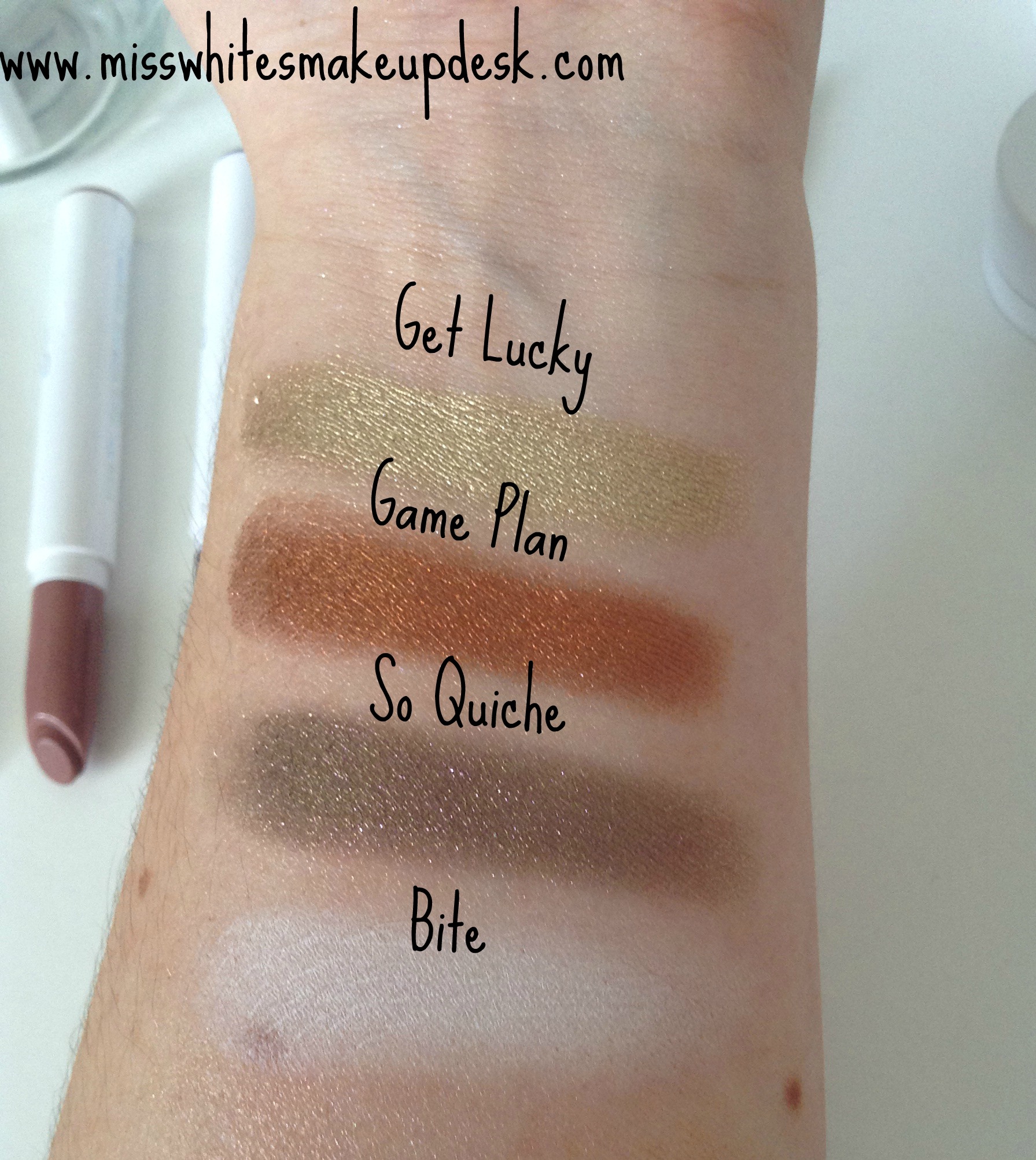 I bought four Super Shock Eye Shadows in the colours (from left to right) Bite, Game Plan, Get Lucky and So Quiche.
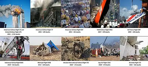 The greatest number of passenger fatalities involving one airline in a single calendar year occurred in 2014 with Malaysia Airlines, with 537 people dead (presumably - with the wreckage unrecovered, the death toll is not entirely confirmed) in two tragedies: disappearance of Flight 370 on 8 March and the shootdown of Flight 17 on 17 July. When including ground fatalities, American Airlines holds this distinction, with the 2001 crashes of Flight 11 and Flight 77 on 11 September, and Flight 587 on 12 November, with a combined total of approximately 2,000 deaths, including 416 people on the three aircraft.[4] The deliberate crashes of the aforementioned American Airlines Flight 11, as well as United Airlines Flight 175 at the World Trade Center, and the subsequent collapse of both towers on 11 September 2001 caused 2,606 ground fatalities in addition to the deaths of the 157 people on board both flights, making it the deadliest aviation disaster in history.[5][6]
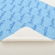 Sherpa blanket in a personalised name pattern in blue on a pastel blue patterned background - to change to your child's name, click on "personalised this template" and fill in the name field at the top right.
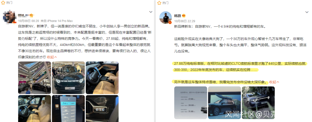 **而知名影評人韓路的評價則更為露骨:**在相對比較虛的CLTC續航標準裏才跑了440公里,實際續航也就300-350,2022年年底發佈的車,這續航實在拉胯……另外就是這車整體特點是啥,我看完發佈會咋沒啥太深印象。
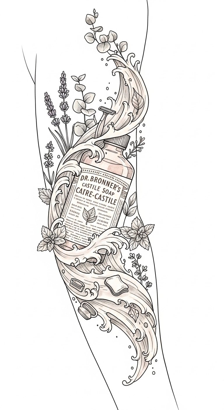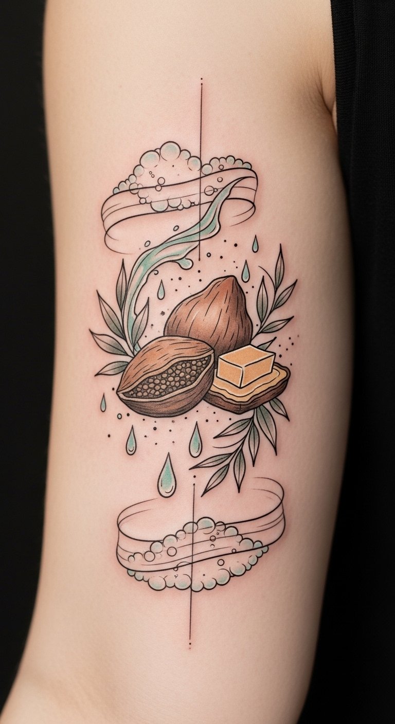 This tattoo melds imagery of nourishment and cleansing to symbolize self-care and recovery: the shea nut and butter evoke warmth, comfort, and resilience; the water droplets and foam suggest purification and the gentle rituals that prepare skin for change; the leaves represent natural ingredients and growth.

+++

| What the exercise asks |
Output the data exactly. Pictures don't belong in the result.

| Response below |
 I bought four Super Shock Eye Shadows in the colours (from left to right) Bite, Game Plan, Get Lucky and So Quiche.
 The greatest number of passenger fatalities involving one airline in a single calendar year occurred in 2014 with Malaysia Airlines, with 537 people dead (presumably - with the wreckage unrecovered, the death toll is not entirely confirmed) in two tragedies: disappearance of Flight 370 on 8 March and the shootdown of Flight 17 on 17 July. When including ground fatalities, American Airlines holds this distinction, with the 2001 crashes of Flight 11 and Flight 77 on 11 September, and Flight 587 on 12 November, with a combined total of approximately 2,000 deaths, including 416 people on the three aircraft.[4] The deliberate crashes of the aforementioned American Airlines Flight 11, as well as United Airlines Flight 175 at the World Trade Center, and the subsequent collapse of both towers on 11 September 2001 caused 2,606 ground fatalities in addition to the deaths of the 157 people on board both flights, making it the deadliest aviation disaster in history.[5][6]
 Sherpa blanket in a personalised name pattern in blue on a pastel blue patterned background - to change to your child's name, click on "personalised this template" and fill in the name field at the top right.
 **而知名影評人韓路的評價則更為露骨:**在相對比較虛的CLTC續航標準裏才跑了440公里,實際續航也就300-350,2022年年底發佈的車,這續航實在拉胯……另外就是這車整體特點是啥,我看完發佈會咋沒啥太深印象。
 This tattoo melds imagery of nourishment and cleansing to symbolize self-care and recovery: the shea nut and butter evoke warmth, comfort, and resilience; the water droplets and foam suggest purification and the gentle rituals that prepare skin for change; the leaves represent natural ingredients and growth.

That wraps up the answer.